Собеседник грузного сидел в темном углу, отблеск свечей играл на его выдающихся скулах.
- Привязать, - проговорил грузный медленно и внятно. - При-вя-зать...
Слышать его было страшно, но собеседние не испугался. Оплывали свечи.
- Десять лет назад... - скуластый помолчал. - Мы дрались с Осколом против общего неприятеля, дрались спина к спине. Наших ребят полегло с полсотни, а те, что выжили... часть захотела остаться с Осколом, часть - со мной. Он сказал тогда - "Вы пожалеете"... Мы не слушали. Ведь он пришел издалека... мы не знали тогда, ЧТО он такое.
Новый шарик лег на желтую груду; мужчина с седеющими висками прикусил губу:
- И?..
- Нас было девятнадцать, - его собеседник усмехнулся. - Спустя десять дней в живых осталось двое. Прочие перемерли, призывая Оскола, как мамку... И мы пожалели, ох как пожалели... что ушли от него. А пуще - что повстречали его на свете...
- Ты выжил, - сказал грузный.
- Да... Я и еще один парень, мы с ним побратались... Мы выжили. А год назад мой побратим, Лабан, явился к Осколу, хотел наняться воеводой, возомнил... что свободен... Одной встречи хватило.
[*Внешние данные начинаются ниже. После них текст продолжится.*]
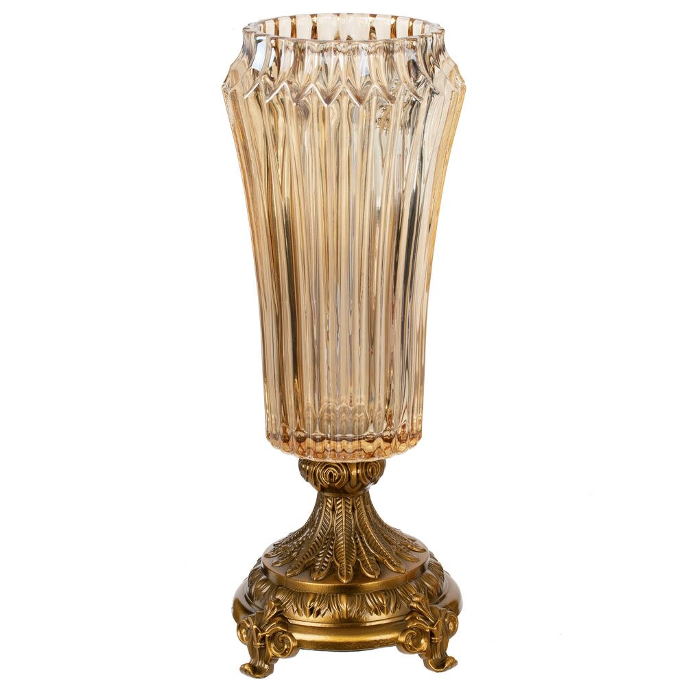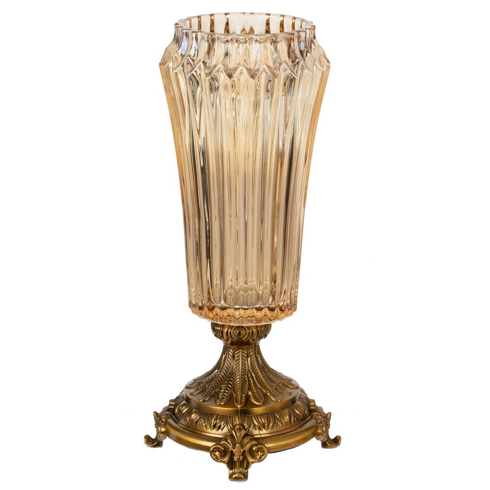 Элегантная ваза объёмом 1150 мл станет выразительным акцентом в интерьере гостиной, спальни или кабинета. Прозрачное стекло с лёгким янтарным оттенком оформлено вертикальными ребрами, которые красиво преломляют свет и подчёркивают форму букета. Основание выполнено из металла с благородным золотистым покрытием и изысканным рельефным декором в классическом стиле. Конструкция сочетает в себе устойчивость и декоративность, что позволяет смело использовать вазу как для живых, так и для искусственных цветов. Подойдёт для украшения праздничного стола, каминной полки или консоли, гармонично вписываясь как в классический, так и в современный интерьер с элементами роскоши. Диаметр горловины: 9.5 см.
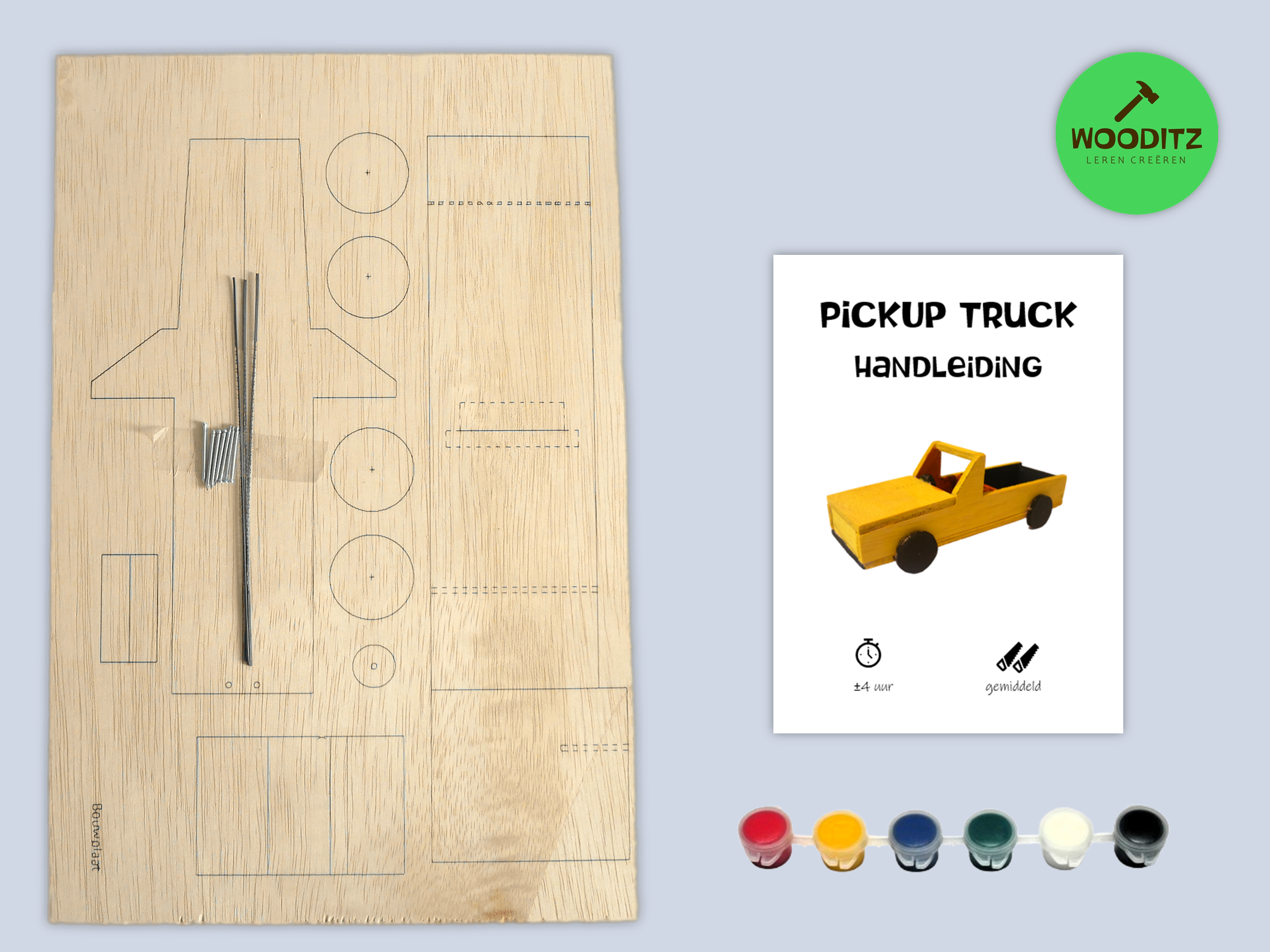 Met de bouwpakketten van Wooditz leren kinderen zagen, schuren, lijmen, spijkeren en verven. Hierdoor ontwikkelen ze hun motoriek, ruimtelijk inzicht, creativiteit en zelfstandigheid. De onderdelen worden uitgezaagd met de figuurzaag. Daarna worden alle onderdelen netjes opgeschuurd. Vervolgens zetten ze het model in elkaar d.m.v. lijm en/of spijkers. De laatste stap is het verven van het model, zodat er een unieke creatie ontstaat. Een geweldige ervaring voor ieder kind!
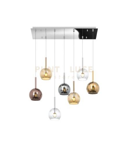 Sosp. Cromo Rettangolare 7 Luci Vetri Tutti Piccolo (2xtrasparente 2xambra 1xcromo 1xoro 1xrame) ...
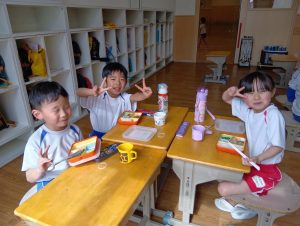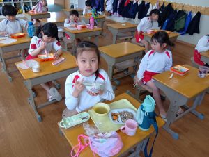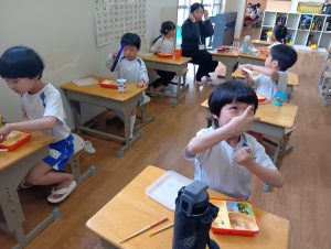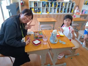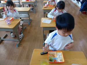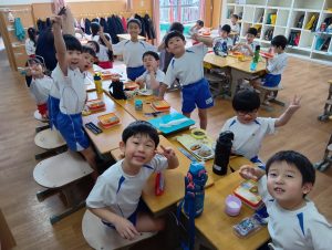 お誕生会の後は、みんなで給食をいただきました。お友だちと楽しくお話をしながら、嬉しそうに食べる子どもたちの姿が見られました😋
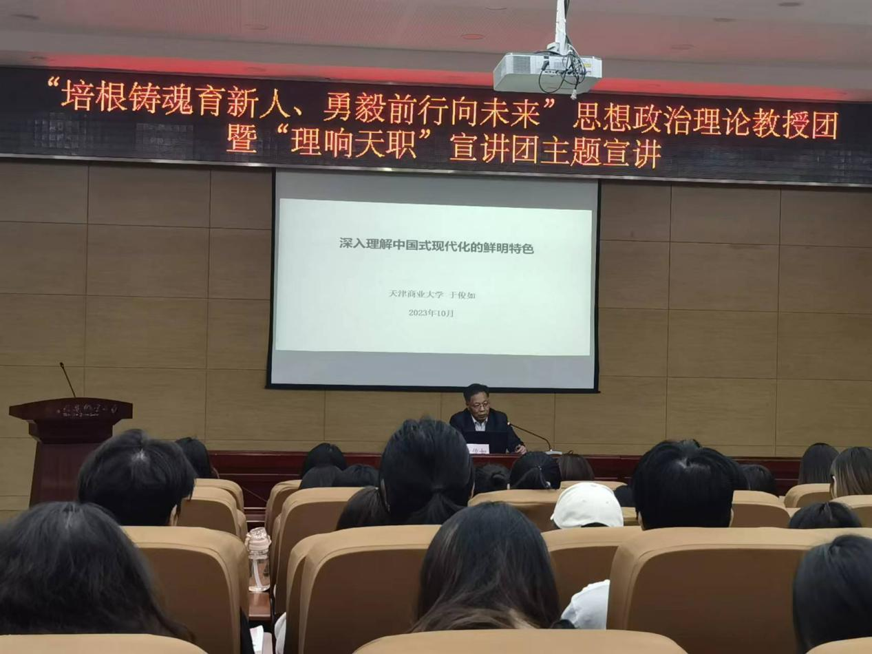 于教授从回顾中国共产党带领中国人民探索现代化道路的艰辛历程出发,从重要特征、本质要求及重大意义等方面深入阐述了“中国式现代化”的历史逻辑、理论逻辑及实践逻辑,带领师生精准把握“以中国式现代化全面推进中华民族伟大复兴”的深刻意义。于教授指出,中国式现代化的鲜明特色在于人口规模巨大、全体人民共同富裕、物质文明和精神文明相协调、人与自然和谐共生以及走和平发展道路,而这些特色既是中国式现代化的重要特征,也是其显著优势。于教授强调,“中国式现代化”理论是习近平新时代中国特色社会主义思想的重要组成部分,“中国式现代化”道路是强国建设、民族复兴的康庄大道,也是唯一正确道路,“中国式现代化”事业是探索性和开创性的事业,需要我们以顽强斗争去打开事业发展新天地。

Теперь это самый жалкий из его рабов. Потерял и душу и волю, не умеет даже петлю на шее затянуть... То же ждет и меня, господин. Я не могу встречаться с Осколом. Никогда.
Заколебались огоньки свечей - это грузный втянул в себя воздух:
- Ты отказываешься, Сотка? Ты оставляешь меня?
Скуластый отвернулся:
- Придется заключать с ним союз, господин.
Желтый шарик скатился со стола в темноту.
- Я мало берег Яну, - глухо проговорил грузный. - Все гадалки пророчили ей счастливую судьбу... Гадалки врали.
- Мы заключим союз, господин, - с нажимом повторил скуластый. - Оскол или кто другой... Все равно пришлось бы отдавать ее. А Оскол силен и щедр.
Тяжелый кулак с грохотом опустился на стол, и брызнули во все стороны восковые шарики. Разлетелись, застучали по полу дробным дождем.
- Я не в рабство отдаю свою дочь, - проговорил грузный, овладев дыханием. Что станет с ней, если этот мерзавец раньше времени сдохнет?! Ведь он старше ее на двадцать лет! Что, если его пырнут кинжалом или угостят отравленным стилетом? Что станет с моей дочерью?!
Скуластый молчал.
- Иди на замок, - сквозь зубы сказал грузный. - Бери войско и ступай.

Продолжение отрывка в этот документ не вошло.